Investigations to do in ALVF:
History
Clinical Examination
ECG (to look for ischaemia and arrhythmias)
Arterial Blood Gas (ABG)
Chest Xray
Bloods (routine bloods for infection, kidney function, BNP and consider troponin if suspecting MI)
How is acute LVF managed?
Use the simple mnemonic Pour SOD for acute LVF:
Pour away (stop) their IV fluids
Sit up
Oxygen
Diuretics
How does furosemide work?
It is a loop diuretic that works by blocking sodium reabsorption in the ascending loop of Henle. It is indicated for the treatment of fluid overload and resistant hypertension. Furosemide can affect electrolytes, causing low sodium, potassium, magnesium, and calcium.
Causes excretion of sodium and water.
How does spironolactone and eplerenone work?

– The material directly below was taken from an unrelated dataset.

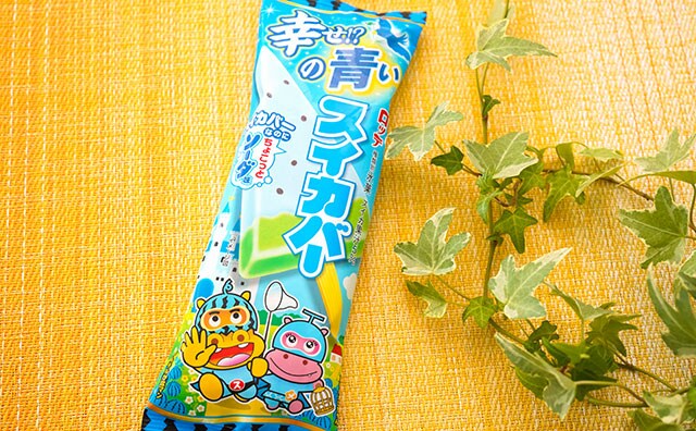 まずは誰しもが知っている国民的アイスのひとつ、ロッテの「スイカバー」の新商品となる「幸せ!?の青いスイカバー」(税込108円)。
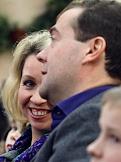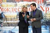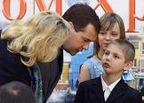 Президент России Дмитрий Медведев (справа) с супругой Светланой (слева) поздравили воспитанников детского дома № 3 города Иваново с Новым годом и Рождеством Христовым.

Eplerenone and spironolactone are aldosterone antagonists. These cause diuresis by blocking sodium re-uptake in the distal convoluted tubule of the nephrons. Indications for these medications include ascites, nephrotic syndrome, Conn’s syndrome, and chronic heart failure.
What is the first line treatment for a patient with heart failure with reduced LVEF?
Patients with heart failure with reduced LVEF should be given a beta blocker and an ACE inhibitor as first-line treatment.
Mnemonic for treating chronic HF:
The way I remember heart failure drugs is by thinking that in heart failure the heart is BASHED up due to the damage it’s accumulated. So I remember the BASH drugs
B - Beta blocker
A - ACEi
S - Spironolactone
H - Hydralazine (+ Nitrates)
e
D - Digoxin
On auscultation of the heart in LHF what may be heard on auscultation?
A third heart sound is one of the possible features of left-sided heart failure.
Describe Afib, whats the obvious feature on an ECG?
Atrial fibrillation is where the contraction of the atria is uncoordinated, rapid and irregularly. This due to disorganised electrical activity that overrides the normal, organised activity from the sinoatrial node. An ECG will show an absence of p waves.